One of the most developed delivery systems was a recent study by Jubair et al. [37], who used a Cas9 and E7-sgRNA vector loaded into ‘stealth’ liposomes. These are lipid nanoparticles that are PEGylated to prevent opsonization, increase circulation time and stability while reducing toxicity. Systemic delivery of the CRISPR components to the tumor occurred through ‘passive targeting’ resulting from higher retention in tumors from increased angiogenesis and permeability. Administrated intravenously, inhibition of subcutaneous tumor volume was observed with increased apoptosis and mouse survival. Impressively, the remaining benign nodule was negative for p16, an upregulated marker in HPV-tumors, suggesting effective eradication of the oncogenic drivers.
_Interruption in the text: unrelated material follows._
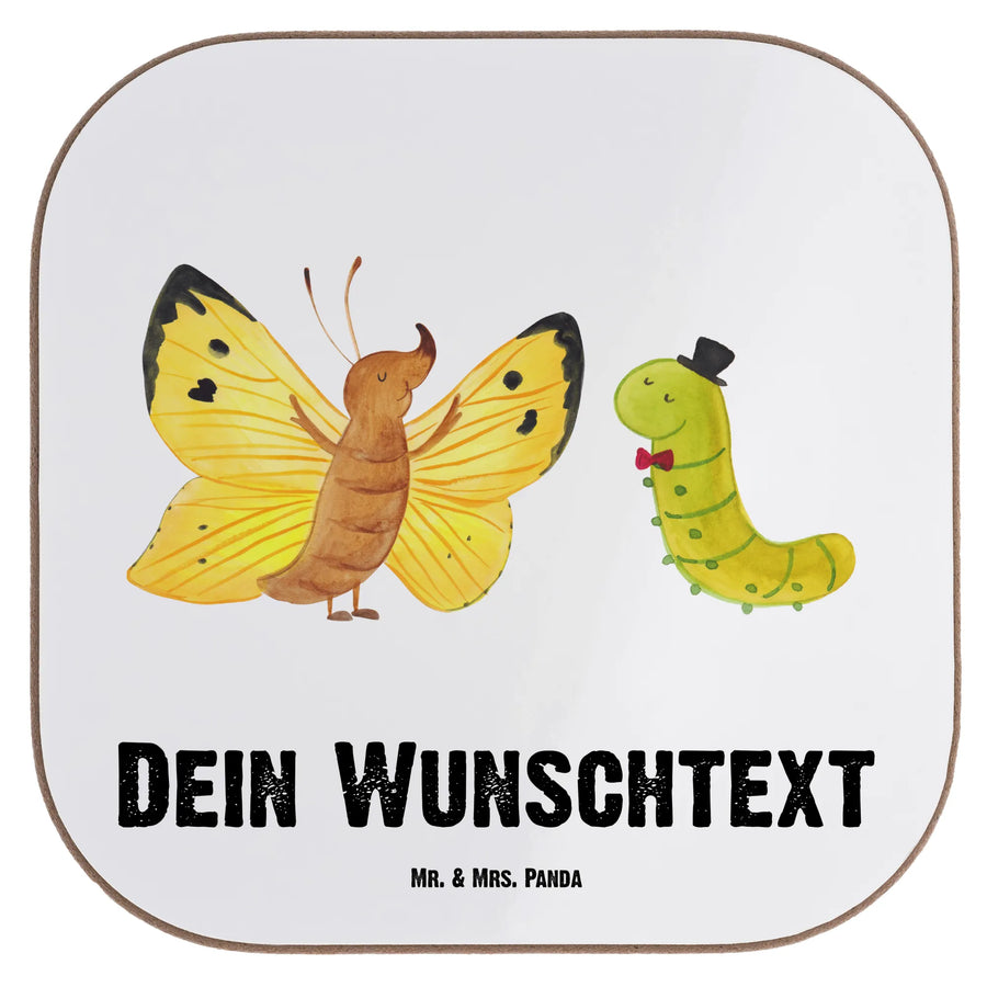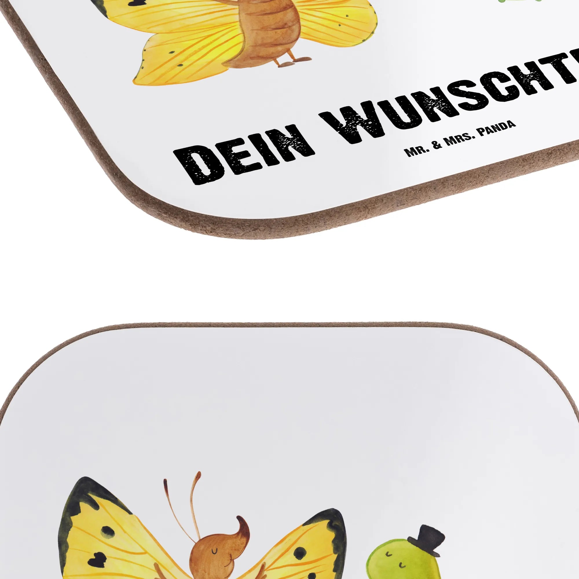 Personalisierte Untersetzer Raupe & Schmetterling - Weiß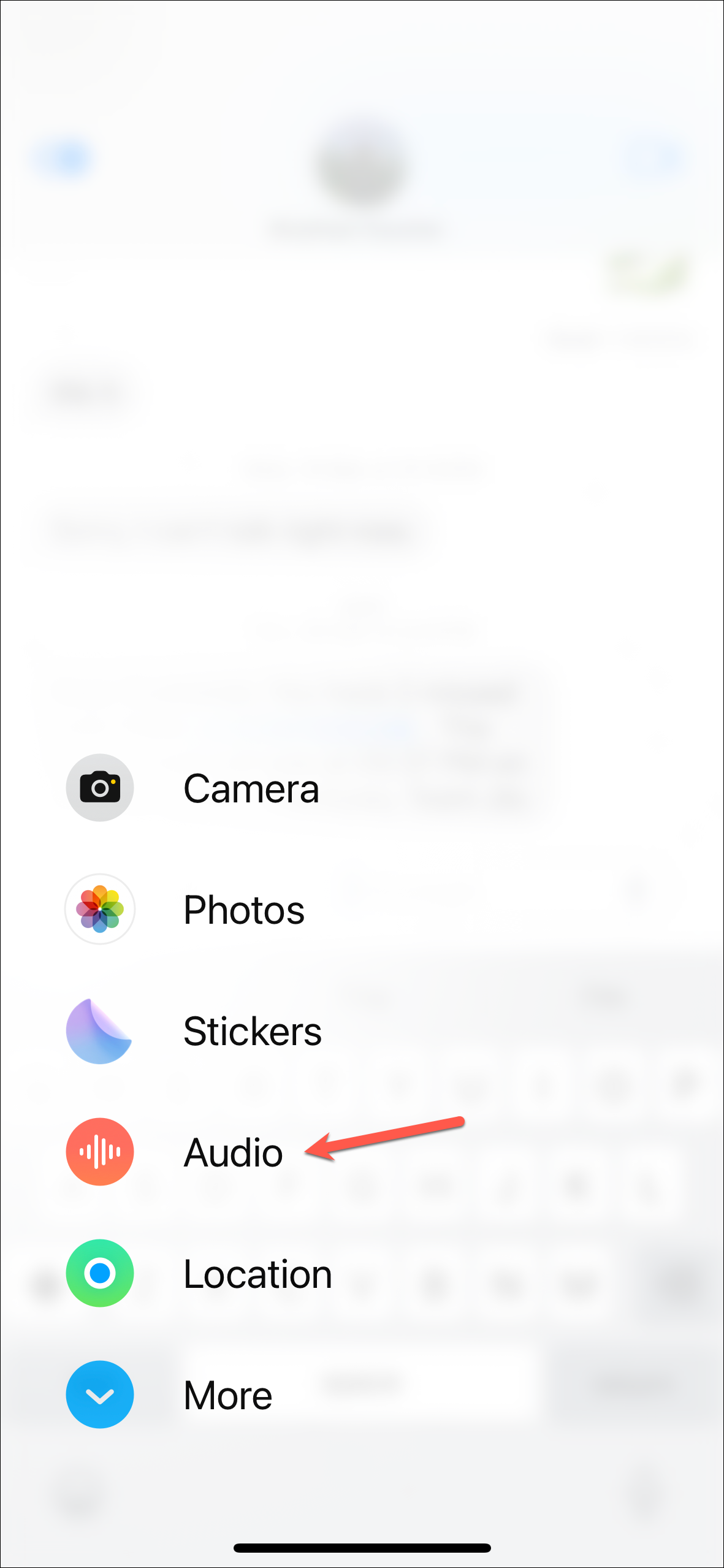 Step 3: In the app drawer, tap the 'Audio' button to access the voice message feature.

Purified protein may also be a form in which to prepare therapeutic recombinant nucleases to inactive HPV. Novel HPV promoter targeting modalities have been developed using the bovine HPV E2 fused to FokI (BEF) [38], but this system suffered from poor cleavage and mostly suppressed the promoter through E2 protein binding. However, expanding upon this concept, Miro et al. [39], developed an artificial zinc finger (AZP), a single ZFP targeted to the E2 binding site in the HPV 18 promoter, which was fused to either a Staphylococcal nuclease (SNase) [40], or an optimized single-chain FokI dimer (scFokI) [41, 42], and this compact nuclease platform is capable of generating DSBs without the need for two ZFN effectors. Furthermore, ZFPs are intrinsically cell permeable proteins [43] and when fused to cell penetrating peptides (CPP) [44, 45] could facilitate direct internalization of the recombinant nuclease. When the CPP-modified AZP-SNase was applied directly to cells it was able to inhibit an HPV replication vector [40, 46]. Unfortunately, the authors did not show anti-tumor effects in any HPV-transformed cell lines, but nevertheless it is conceivable that direct application of cell-penetrating recombinant protein could also be applied for the local treatment of HPV.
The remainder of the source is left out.